Отражение Улле - Марков Александр Владимирович (биолог) (читать хорошую книгу полностью txt) 📗
— Ну что ж, Белолобый, иди, если надо, — сказала Эйле. — Жизнь есть жизнь, все, что ты ни сделаешь, во славу Имира. А мы пойдем дальше пешком, и ты сможешь нас догнать, если захочешь.
Мамонт не двигался, и Эйле приказала:
— Ну, сними нас!
Белолобый спустил их на землю. Потом как бы нехотя побрел туда, откуда доносился боевой клич его сородичей.
— Победы тебе! — крикнула Эйле. — И возвращайся скорей!
Мамонт, как будто подбодренный ее словами, побежал прочь и исчез за деревьями.
— Ну, пойдем потихоньку, — сказал Орми. Но девочка продолжала стоять, и тогда он взял ее за руку. Она вздрогнула. И Орми тоже почувствовал что-то необычное и не мог найти слов, чтобы выразить это, и отпустил руку.
— Пойдем.
Эту ночь они провели на дереве — корявая сосна росла на вершине пригорка. Там все время дул ветерок, что было кстати: накануне вечером проснулись комары. Их первая атака всегда самая страшная.
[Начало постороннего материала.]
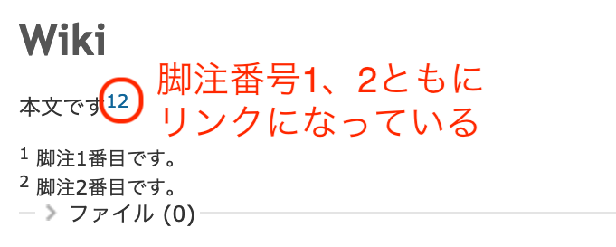 テキスト書式のTexitle記法には脚注(Footnotes)という記法があります。 本文中に脚注番号を挿入し、対応する脚注の文をページの最後に記載すると、脚注番号が脚注の文へのリンクになり、ジャンプできるようになります。

— Всю зиму они копят злобу, — сказал Орми. — Поэтому самые лютые комары — те, что вылетают первыми. К концу лета станет полегче.
Утром они двинулись дальше на север, надеясь к ночи добраться до стены. Местность становилась болотистой, деревья здесь были ниже, корявее и сплетались в почти непроходимые заросли. Потом снова стало посуше и посветлее. Неожиданно Орми замер и несколько раз втянул носом воздух.
— Люди поблизости.
— Селение? Или опять отряд из Гугана?
— Больше похоже на наших… то есть людоедов.
— А где они?
— Ветер оттуда. — Орми показал на юго-восток. — Значит, они идут за нами следом. Попробуем сбить их с толку, если это действительно погоня.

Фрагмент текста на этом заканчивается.